Егор Назарыч во все время осмотра дома не проронил ни одного словечка, только при выходе из спальни в залу он заметил, обращаясь к Степаниде:
– Это ещё не все, внизу есть ещё кое-что.
– А там что такое? – спросила она.
– Винный склад помещается. Тихон Петрович, покажите его своей невесте.
– Что ж, можно, только там никого теперь нет, – ответил тот. – Оставим до завтра, – прибавил он.
На том и порешили и снова уселись за самовар, а затем уложили девушку в постель.
– Ну, друг, спасибо тебе за хлопоты, – крепко пожимая руку бывшему уряднику, сказал Тихон Петрович.
– Не за что, – отвечал тот.
– Без тебя, одному мне было бы трудно.
– Для приятеля жизнью пожертвовать готов, вот что.
– Что теперь в Решах-то делается, я думаю?
– Да, небось, тревога страшная идёт. Наум Куприяныч, небось, локоть кусает, да не укусит, ловко мы с тобою его провели.
– Ему что ж? – Он своё взял.
– Ещё хотел попользоваться, да и не пришлось.
– Староста, небось, ноги все отбил, отыскивая свою дочку.
– Известное дело, а кузнецов сын волосы на себе рвёт. Кому ни доведись, досадно – из рук невеста пропала.
– Пусть его побесится, да поищет, куда она девалась, – заключил Тихон Петрович и улёгся со своим приятелем отдохнуть.
Глава 75
С отъездом Степаниды обитатели деревни Реши начали подыматься с постелей; кое-где засветились в избах огоньки; вдалеке послышался колокольный звон на сельской церкви, призывающий православных к утрени праздника Рождества Христова; поднялся и кузнец с своим сыном.
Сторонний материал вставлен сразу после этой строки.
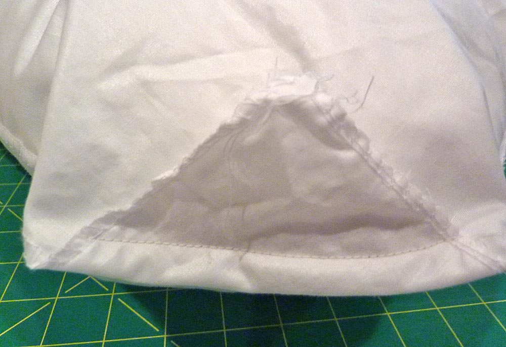 - So, we stitched and cut off the corners of our pillow form to match the pillow cover.
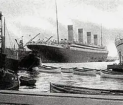 Following completion, Olympic started her sea trials on 29 May 1911 during which her manoeuvrability, compass, and wireless telegraphy were tested. No speed test was carried out.[44] She completed her sea trial successfully. Olympic then left Belfast bound for Liverpool, her port of registration, on 31 May 1911. As a publicity stunt the White Star Line timed the start of this first voyage to coincide with the launch of Titanic. After spending a day in Liverpool, open to the public, Olympic sailed to Southampton, where she arrived on 3 June, to be made ready for her maiden voyage.[45][46][47] Her arrival generated enthusiasm from her crew and newspapers.[48] The deep-water dock at Southampton, then known as the "White Star Dock" had been specially constructed to accommodate the new Olympic-class liners, and had opened in 1911.[49]
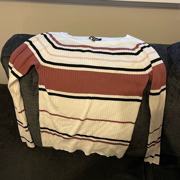 Ribbed, crew neck sweater. Cream color with black, brown, and pink stripes.
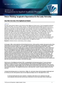 Wall, Gina (2015) Future Thinking: Imaginative Expectations for the Leaky University. Journal of Perspectives in Applied Academic Practice, 3 (1). pp. 6-10. ISSN 2051-9788

Жених пошёл запрягать лошадь, чтобы ехать с отцом своим в село, к утрени, отстоять обедню, за которой батюшка должен был объявить своим прихожанам о предстоящем бракосочетании сына кузнеца с дочерью. старосты. Вот они выехали из деревни, и лошади их лёгкой рысцой потащилась за другими по дороге в село. Староста, в свою очередь, также проснулся, разбудил свою старуху и начал одеваться, торопясь в церковь.
– А где же Степанида? – спросил он у своей жены.
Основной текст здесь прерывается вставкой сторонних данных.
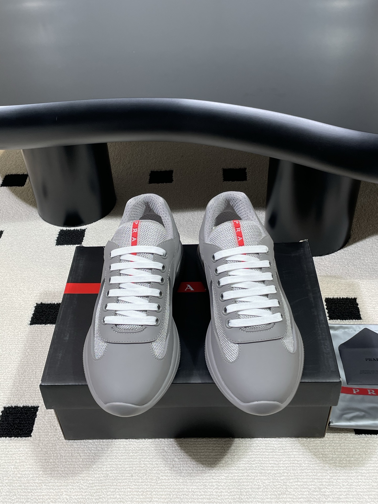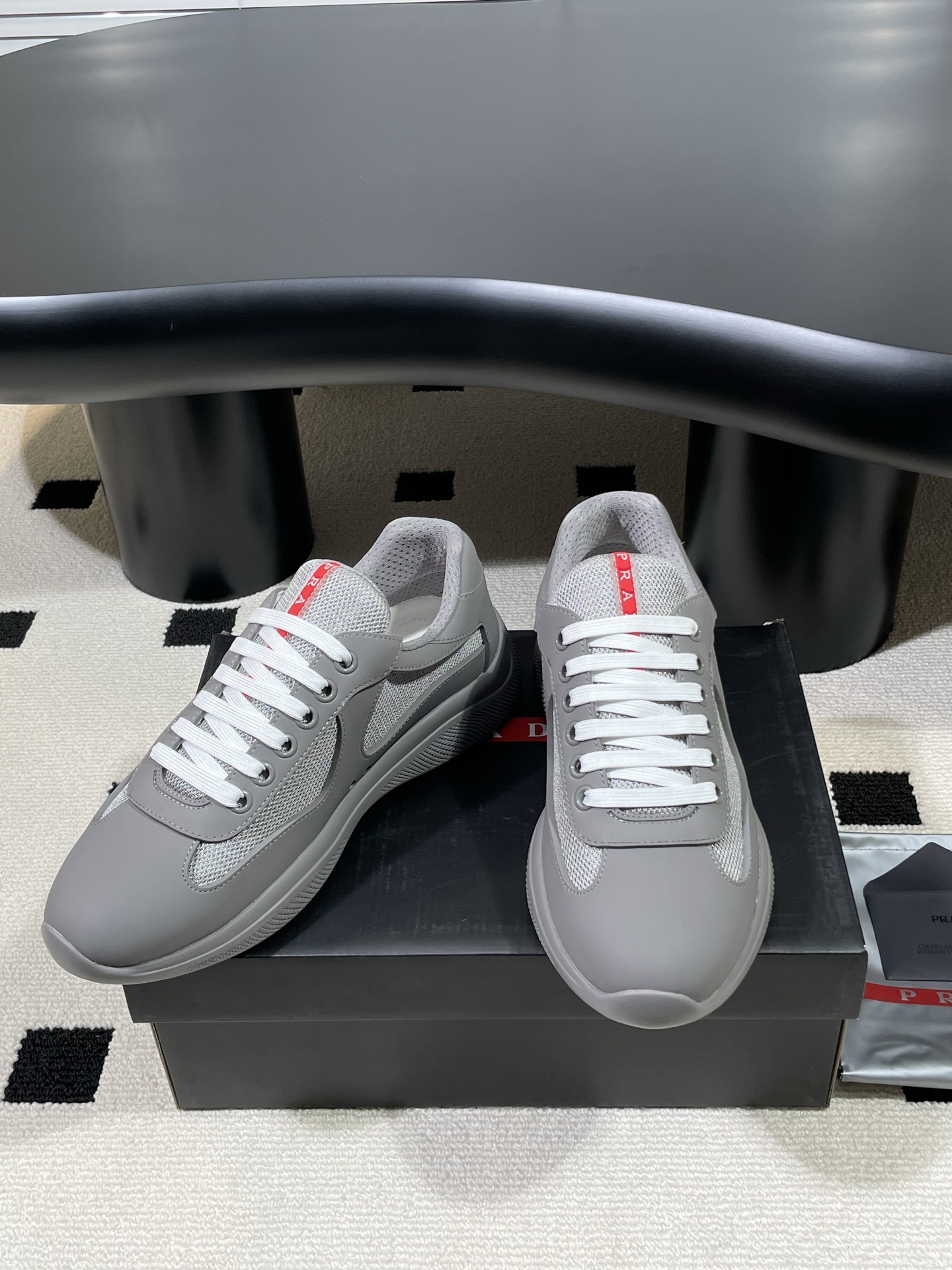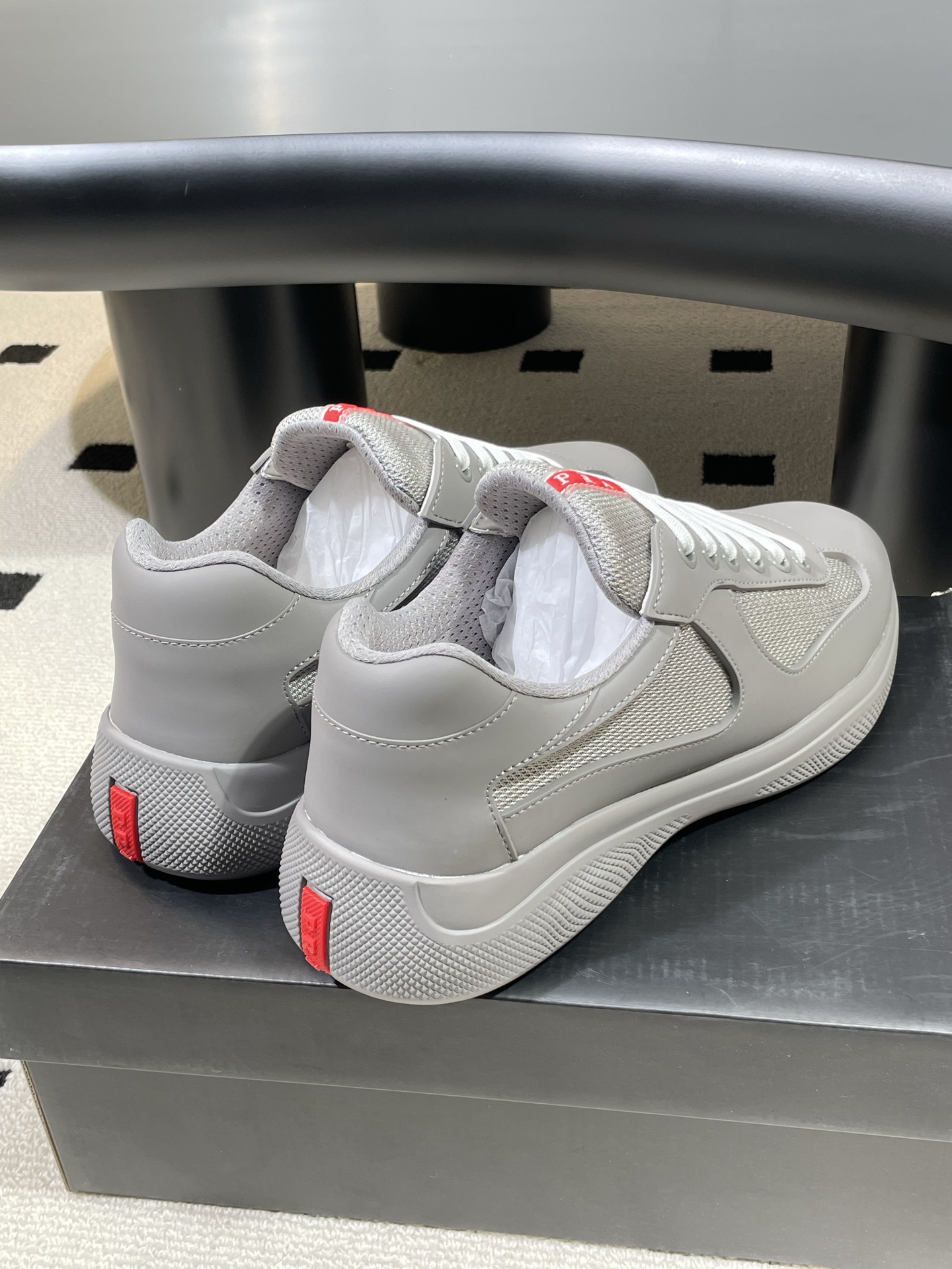 这款鞋子是AAAAA 1:1 质量 (非常棒). 使用了和原版一模一样的材料. 商标部分也保持了和普拉达/Prada一样. 图片拍摄是实物鞋子拍摄, 您所收到的实物保证和我们图片一模一样.

– Спит ещё; я сейчас её разбужу.
– Да поскорей, а то сборы ваши нас задержат.
– У ней всё готово, пока запрягёшь лошадь, – дочка и оденетея.
– Толкуй там! Сама проспала… Небось, уж отзвонили, – пробормотал старик и вышел на двор запрягать лошадь.
Старуха отправилась в светлицу будить дочку, отворила дверь и окликнула:
– Степанида, а, Степанида!
Ответа не было.
– Вставай, пора к заутрени одеваться!
Опять молчание.
«Ишь, как спит крепко», – подумала она и подошла к кровати, ощупала её руками и вскрикнула:
– Да где же она?
Не понимая, что это значит, в испуге вышла старушка в сенцы, начала звать Степаниду, но напрасно; выбежала на двор, подняла крик: – «Степанида! Степанида! где ты?»
– Чего ты там орёшь? – спросил у ней староста.
– Степаниду нигде не найду, – ломая руки, взвыла старостиха.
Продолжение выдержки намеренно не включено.